== Work item ==
Of the lines below, write out exactly those from the line with "養生を施したうえで、室内や建" through the line with "2組、6組、7組、理数の生徒は熱海商店街で昼食と買い物を楽しんでいます。", both included, and skip the rest.

== Data records ==
▬▬▬
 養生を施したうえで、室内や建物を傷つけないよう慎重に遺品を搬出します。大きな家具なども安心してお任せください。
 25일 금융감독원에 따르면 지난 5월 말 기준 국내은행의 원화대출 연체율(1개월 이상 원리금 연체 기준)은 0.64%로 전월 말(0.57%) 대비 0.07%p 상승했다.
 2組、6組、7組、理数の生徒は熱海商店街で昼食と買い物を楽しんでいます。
▬▬▬
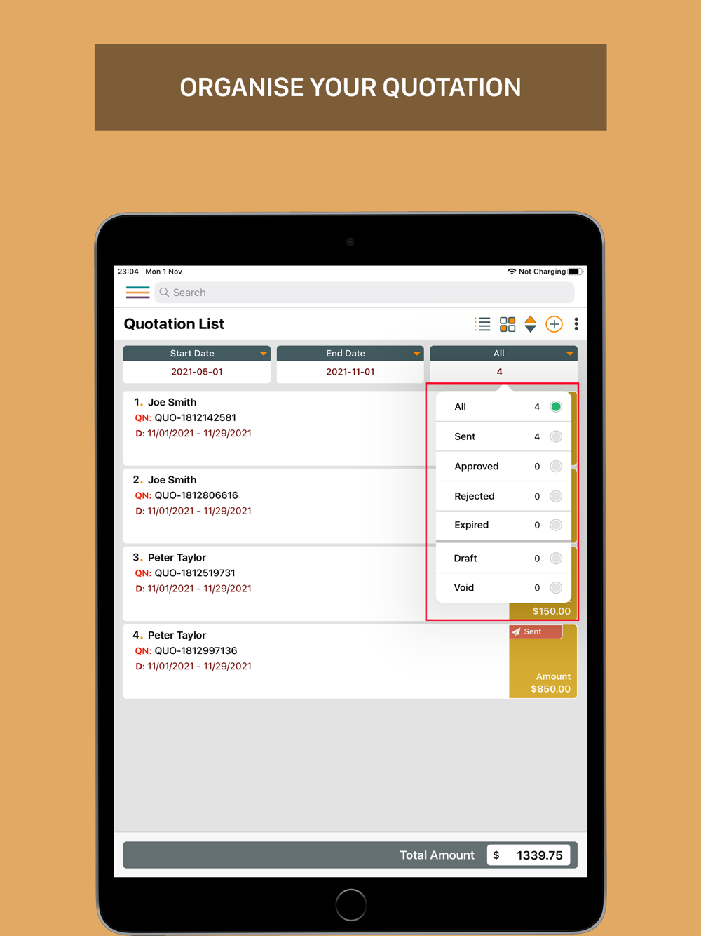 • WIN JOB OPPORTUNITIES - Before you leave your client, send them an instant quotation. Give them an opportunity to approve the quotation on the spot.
▬▬▬
== Exercise solution ==
 養生を施したうえで、室内や建物を傷つけないよう慎重に遺品を搬出します。大きな家具なども安心してお任せください。
 25일 금융감독원에 따르면 지난 5월 말 기준 국내은행의 원화대출 연체율(1개월 이상 원리금 연체 기준)은 0.64%로 전월 말(0.57%) 대비 0.07%p 상승했다.
 2組、6組、7組、理数の生徒は熱海商店街で昼食と買い物を楽しんでいます。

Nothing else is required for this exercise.